To the board itself, it was added the language structures needed to ask and answer. The game could be played only by having a track drawn on a large piece of paper, couple of dices and avatar piece to represent the player. However, cards were added to the game. The cards also contained hidden mechanics that could mess with their game.

Players will draw cards and the question structure they will have to use depend on the number of options the card has. 

Cards with two options: SUMMER or WINTER => Would you rather …………..? / Would you prefer to………….? Do you prefer………..?

Cards with one option: NETFLIX => What do you think about …………….? What do you think of……………….? What’s your opinion about ……..?

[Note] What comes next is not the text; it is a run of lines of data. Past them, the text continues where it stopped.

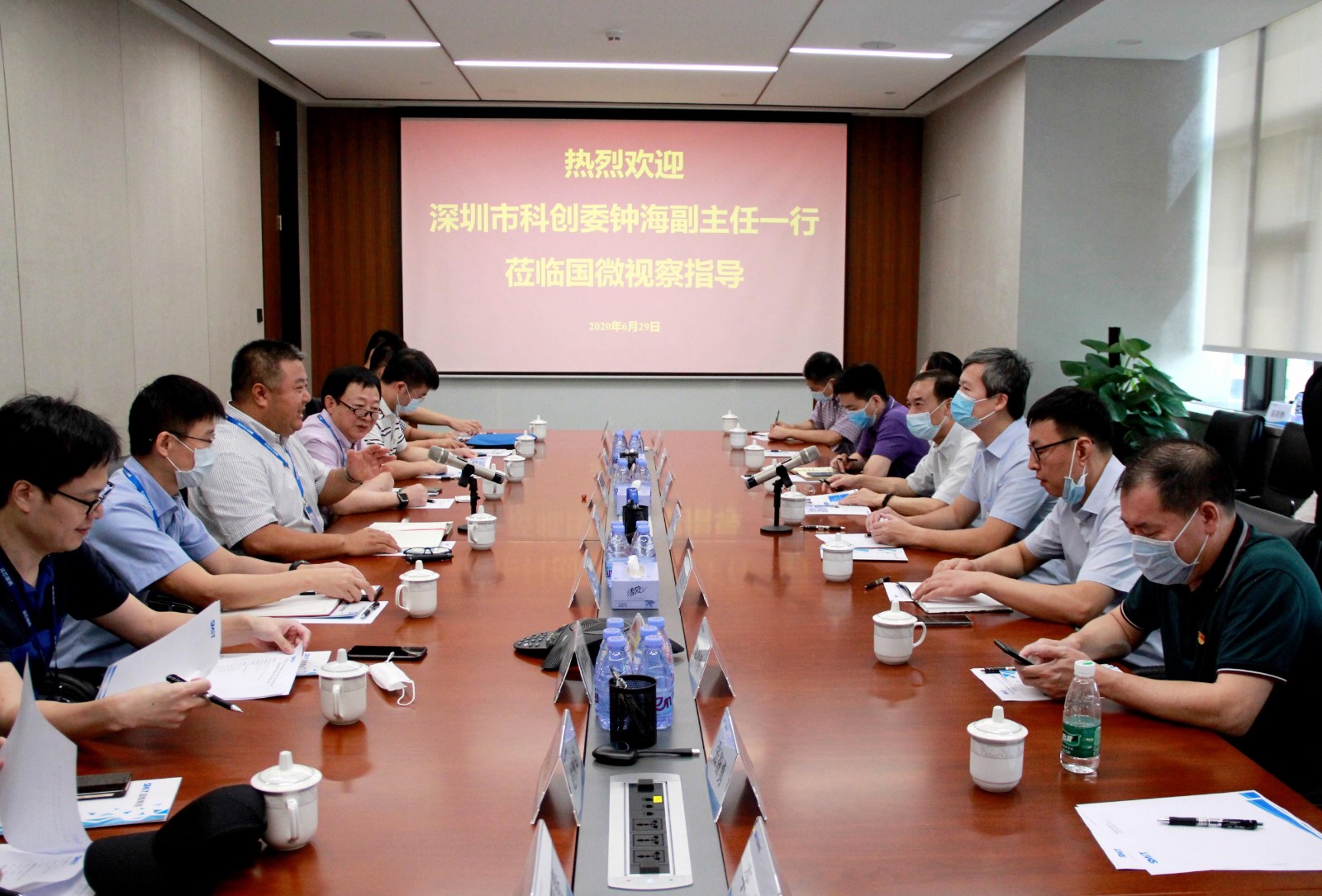2020年6月29日,在“七一”建党节到来之际,深圳市科创委党组成员、副主任钟海带队,携信息处与集成电路中心党支部及基础处党支部一行到国微集团进行调研,共同开展“技术创新引领变革,有效发挥党组织作用”主题党日活动。
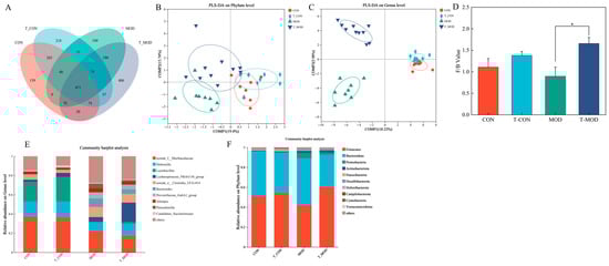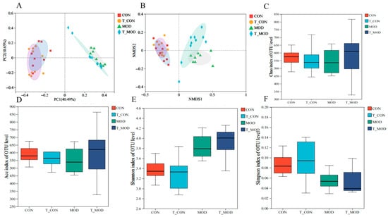 16S rRNA gene sequencing was performed on fecal samples from the CON, T-CON, MOD, and T-MOD groups. The detected gut microbiota were classified into 12 phyla, 19 classes, 49 orders, 82 families, 182 genera, 341 species, and 2269 operational taxonomic units (OTUs). Partial least squares discriminant analysis (PLS-DA) revealed structural differences in microbial communities among the CON groups, T-CON groups, MOD groups, and T-MOD groups. As shown in Figure 7, DSS-induced colitis increased microbial diversity, potentially due to disrupted intestinal barriers promoting the growth of pathogenic bacteria [43]. Principal coordinates analysis (PCoA) and non-metric multidimensional scaling (NMDS) of β-diversity at the OTU level (Figure 7A,B) revealed substantial overlap in microbial composition between the CON and T-CON groups, whereas the MOD and T-MOD groups exhibited distinct clustering patterns. This indicated that PG intervention had negligible effects on healthy mice but modulated gut microbial growth in colitis-induced mice to alleviate inflammation. The α-diversity of gut microbiota in colitis mice was evaluated using the Chao1, ACE, Shannon, and Simpson indices. The former two indices quantify microbial richness while the latter two assess diversity. As presented in Figure 7, the T-MOD group exhibited slightly higher Chao1 and ACE indices, reflecting enhanced microbial richness. The change in α-diversity observed in the MOD group was probably caused by DSS-induced inflammation, which promoted the proliferation of harmful gut bacteria, disrupted the balance of gut microbiota, and consequently reduced microbiota abundance. A high Shannon index and reduced Simpson index suggested that while colitis decreased microbial diversity, PG intervention effectively attenuated this reduction, maintaining gut microbial stability.
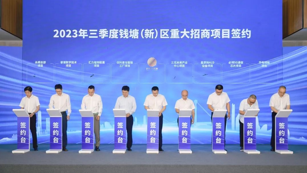 据“钱塘发布”公众号消息,日前,2023年三季度钱塘(新)区“双百亿”重大招商项目签约暨重点产业项目集中开工活动举行。累计总投资达111亿元的8个重大招商项目签约,累计总投资达106亿元的10个重点产业项目集中开工。
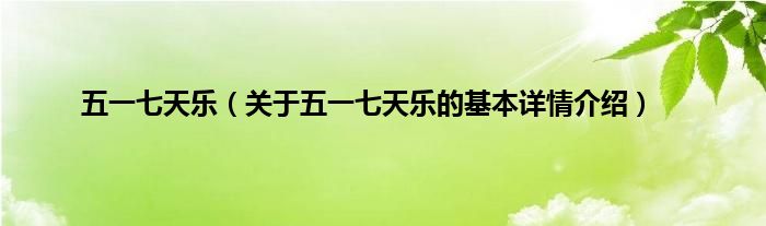 本文关于五一七天乐的基本详情介绍就讲解完毕,希望对大家有所帮助。
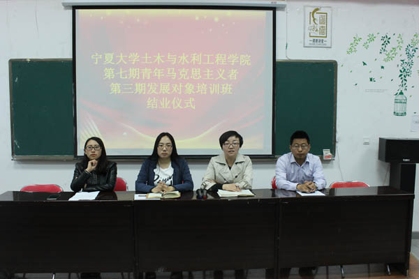 2016年4月21日中午,禁漫天堂 第三期发展对象培训班暨第七期青马培训班结业仪式在工科楼三阶教室举行。禁漫天堂 党委副书记陆瑜、团委书记王娜、辅导员老师陶雪梅、惠迎新及第三期发展对象培训班、第七期“青马班”培训班全体学员参加了此次仪式,仪式由团委书记王娜主持。

The gameplay was a combination of chance and skill. In order to get a chance to roll the red dice and move towards the end of the track, those responding had to explain why, giving a more elaborated answer. The dice added the chance to move faster on the board, giving weaker players an advantage.

In addition to the option topic cards, there were also: go back 1 or 2 or 3 slots cards, lose a turn card, move forward 1 or 2 slots and Dance Macarena card (another teacher suggestion).

*This prototype was designed in 30 minutes or so. As I was trying to come up with the boardgame, I quickly ran my ideas through some colleagues in the teacher room, and their suggestions were really helpful. A big thank you to Juliana, Kelita and Mafalda. 

What do we need:

2 dices of different colors, a large piece of paper and pens to draw the track and add the Q&A structures as useful language, avatars to represent players and index cards (5×8) to write the options and other game mechanics (lose a turn, move forward, etc.). 

How to play:

Players will roll the question dice, move their avatar and draw a card.  If the card contain an option or two options, the player asks a question and choses another player to answer it. If they get another instruction, other than option(s) cards, they just follow the instruction of the card. 

The other player answers the question. If the answer is good enough, they get the response dice, roll it and move their avatar on the board. 

Whoever speaks in L1 go back one slot. 

The winner is whoever crosses the finish line first!

At the end of the gameplay, I asked students what they thought about the game: “Fun”, “Cool” and “I really liked it” were the words used to describe their experience. I have also asked them for suggestions on what we could change or add to the game mechanics. They gave some interesting ideas to redesign it.